Postby GeneFC » Fri Nov 02, 2018 1:56 pm

I think there are two somewhat separate concerns.

* Economy of G-code

Some controllers are limited in storage space, so G-code for an arc is best as G2/G3 rather than a series of short G1 moves. This is mostly independent from the final accuracy and precision of the path. My linuxcnc setup runs on a general purpose computer with "infinite" memory, so that is of no concern for me. I do understand the limitations some controllers may impose.

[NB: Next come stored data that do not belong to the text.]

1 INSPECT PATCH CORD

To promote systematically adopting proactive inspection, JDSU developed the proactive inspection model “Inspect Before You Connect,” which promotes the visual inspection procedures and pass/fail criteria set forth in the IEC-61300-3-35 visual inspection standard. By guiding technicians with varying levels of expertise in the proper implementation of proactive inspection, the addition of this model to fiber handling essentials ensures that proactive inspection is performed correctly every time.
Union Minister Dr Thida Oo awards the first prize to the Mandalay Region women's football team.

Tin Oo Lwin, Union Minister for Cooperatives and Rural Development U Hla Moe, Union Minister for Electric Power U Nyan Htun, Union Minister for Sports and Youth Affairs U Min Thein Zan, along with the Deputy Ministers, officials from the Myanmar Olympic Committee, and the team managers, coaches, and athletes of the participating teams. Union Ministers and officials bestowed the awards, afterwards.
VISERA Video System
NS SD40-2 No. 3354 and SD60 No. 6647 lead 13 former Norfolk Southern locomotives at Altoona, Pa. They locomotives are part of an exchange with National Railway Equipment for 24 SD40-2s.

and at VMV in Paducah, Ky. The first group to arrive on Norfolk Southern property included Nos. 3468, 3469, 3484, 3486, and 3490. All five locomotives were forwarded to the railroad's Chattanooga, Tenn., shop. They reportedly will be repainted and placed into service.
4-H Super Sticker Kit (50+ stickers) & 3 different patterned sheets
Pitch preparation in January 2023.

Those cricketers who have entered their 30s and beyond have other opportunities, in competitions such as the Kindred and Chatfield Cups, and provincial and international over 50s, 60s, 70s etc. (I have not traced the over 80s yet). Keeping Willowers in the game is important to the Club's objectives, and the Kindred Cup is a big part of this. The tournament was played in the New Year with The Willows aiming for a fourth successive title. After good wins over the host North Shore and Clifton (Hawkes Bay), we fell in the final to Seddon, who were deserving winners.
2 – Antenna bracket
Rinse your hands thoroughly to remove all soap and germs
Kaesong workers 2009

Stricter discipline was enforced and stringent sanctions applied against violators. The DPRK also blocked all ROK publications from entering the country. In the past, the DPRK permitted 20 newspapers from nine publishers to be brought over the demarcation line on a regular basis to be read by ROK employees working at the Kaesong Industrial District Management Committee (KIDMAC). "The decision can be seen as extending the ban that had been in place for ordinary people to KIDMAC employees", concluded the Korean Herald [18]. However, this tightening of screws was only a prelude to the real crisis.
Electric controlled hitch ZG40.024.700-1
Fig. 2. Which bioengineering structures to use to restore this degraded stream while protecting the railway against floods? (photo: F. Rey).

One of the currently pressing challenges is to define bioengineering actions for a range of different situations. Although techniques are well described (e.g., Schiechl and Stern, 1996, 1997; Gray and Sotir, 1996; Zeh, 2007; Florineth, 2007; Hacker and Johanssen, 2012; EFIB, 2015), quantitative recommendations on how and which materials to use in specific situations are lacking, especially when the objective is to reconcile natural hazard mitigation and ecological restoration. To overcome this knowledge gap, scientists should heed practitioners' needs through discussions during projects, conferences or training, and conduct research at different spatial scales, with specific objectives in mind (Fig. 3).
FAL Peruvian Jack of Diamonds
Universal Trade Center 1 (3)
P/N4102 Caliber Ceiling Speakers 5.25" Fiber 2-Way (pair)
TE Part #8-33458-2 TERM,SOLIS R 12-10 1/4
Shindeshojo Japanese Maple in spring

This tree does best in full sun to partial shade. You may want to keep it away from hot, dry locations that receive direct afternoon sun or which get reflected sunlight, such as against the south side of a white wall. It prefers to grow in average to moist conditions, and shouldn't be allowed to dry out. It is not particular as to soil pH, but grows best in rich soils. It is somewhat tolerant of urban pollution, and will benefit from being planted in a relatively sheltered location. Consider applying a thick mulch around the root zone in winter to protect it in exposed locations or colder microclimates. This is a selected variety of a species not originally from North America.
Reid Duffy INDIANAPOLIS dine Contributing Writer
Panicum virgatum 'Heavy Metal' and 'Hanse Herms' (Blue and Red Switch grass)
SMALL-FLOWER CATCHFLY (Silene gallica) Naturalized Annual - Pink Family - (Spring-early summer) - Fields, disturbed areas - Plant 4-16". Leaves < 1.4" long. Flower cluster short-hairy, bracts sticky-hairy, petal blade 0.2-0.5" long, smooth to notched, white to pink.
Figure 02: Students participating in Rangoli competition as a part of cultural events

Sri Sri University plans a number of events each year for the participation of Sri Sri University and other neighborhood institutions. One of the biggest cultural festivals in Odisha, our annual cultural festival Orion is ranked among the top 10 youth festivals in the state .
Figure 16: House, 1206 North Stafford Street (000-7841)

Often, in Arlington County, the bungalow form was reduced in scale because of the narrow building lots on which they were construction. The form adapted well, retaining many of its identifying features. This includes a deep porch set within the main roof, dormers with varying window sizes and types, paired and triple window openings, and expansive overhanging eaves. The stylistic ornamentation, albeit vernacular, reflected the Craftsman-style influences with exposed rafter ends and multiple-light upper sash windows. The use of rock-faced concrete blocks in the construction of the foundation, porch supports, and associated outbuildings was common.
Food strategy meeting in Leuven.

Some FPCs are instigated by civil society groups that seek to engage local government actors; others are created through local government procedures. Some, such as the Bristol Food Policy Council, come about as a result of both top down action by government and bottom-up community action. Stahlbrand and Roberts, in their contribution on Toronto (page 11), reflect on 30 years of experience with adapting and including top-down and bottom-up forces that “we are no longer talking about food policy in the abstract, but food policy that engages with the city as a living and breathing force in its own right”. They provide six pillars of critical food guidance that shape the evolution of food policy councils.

* Precision and accuracy of the final path

I disagree with the suggestion that the final control of accuracy and precision can be equally divided between the code and the physical capability of the machines. In the metrology world there is a working standard called the "Gaugemaker's Rule" that says the accuracy and/or precision of the measurement instrument should be 10X better than the required limits of the object being measured. In that case the measurement can be trusted, with effectively no "sharing" of the errors.

In the same manner I believe the G-code should be 10X more accurate/precise than the required limits on the final object. In my case I try to achieve 0.001 inch (0.025 mm) control as a goal (not always successful :( ), so I want the G-code to be good to 0.0001 inch (0.0025 mm). For very expensive commercial quality tools those limits might be ten times smaller.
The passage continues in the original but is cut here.